The judges also were impressed by a contestant who said she didn’t actually sign up for the event.
“I was just stand-up paddle-boarding coming from Kam I, and I needed to go potty so I aimed at the next beach because I think I saw a bathroom over there in the park,” said Joanne Worthy, 58, of Edmonton, Canada. “But I got stuck on this little wave and it just kept going and going and going like the Energizer Bunny. Next thing I knew, the shore was right there, people were clapping, and yelling at me to do it again. So I did.”
Unfortunately, on her last ride Worthy crashed into a kid carelessly lying on a big inflatable sea turtle and could not complete the ride.
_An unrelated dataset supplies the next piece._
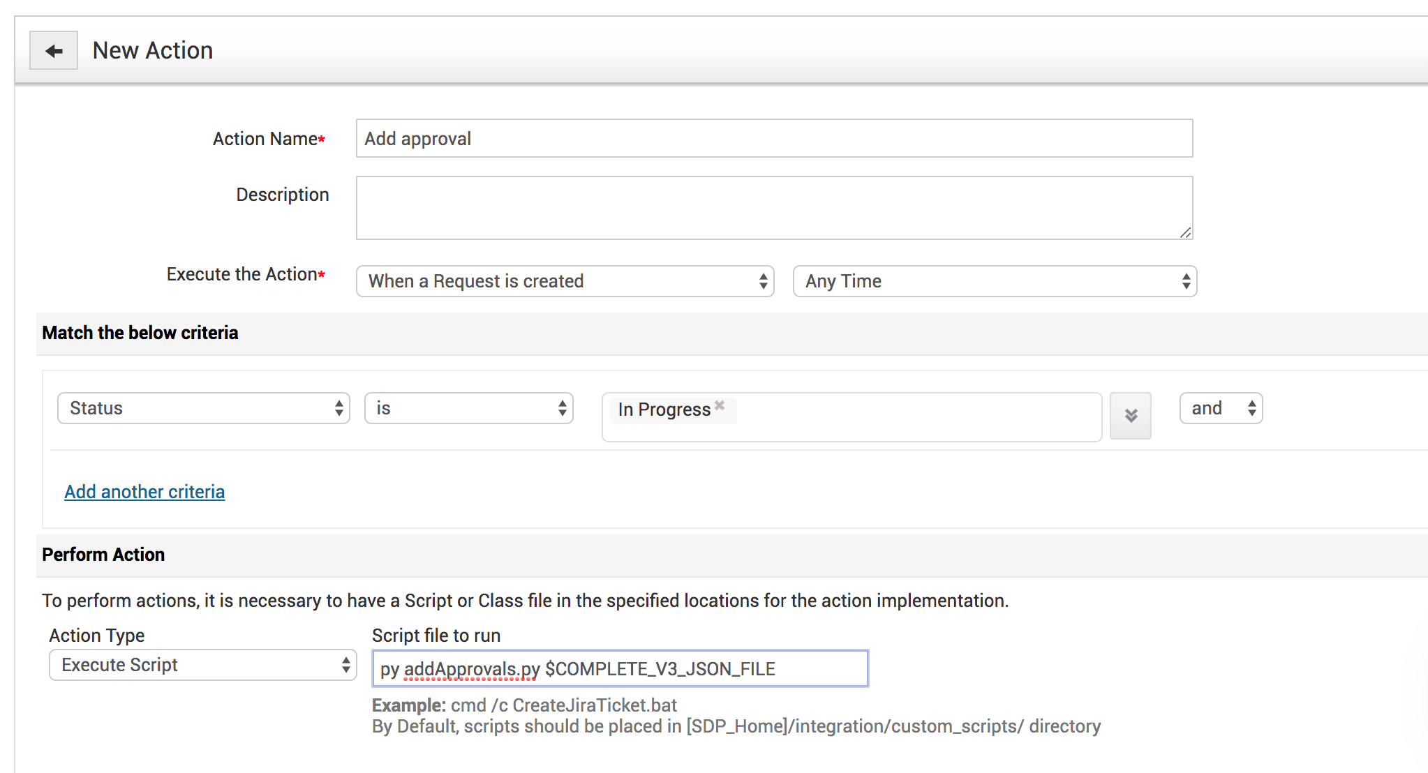 7. Configure a custom trigger to get invoked when the "Status" is "Waiting for approval". Go to Admin > Custom Trigger > give a trigger name > execute script > py addApprovals.py $COMPLETE_V3_JSON_FILE and set the criteria as "Status=Waiting for approval"

In fact, only Morango seemed to reach the beach consistently.
“Next year we’ll try to arrange it at a location where there aren’t so many darn visitors in the water trying to learn to surf, or just walking all the way out there to that rock in the middle,” said Tim Armstrong, marketing director for Maui Insight. “And where did all those abandoned flotation devices come from? Did they have a sale at Long’s or something?”
No contestants were from Maui, Armstrong said. A local walking by the event questioned its purpose.
"What Polock sets up a surfing contest in a spot where people go to learn to surf?" asked Steven Ninau of Kahului. "There must have been 450 people out there this morning."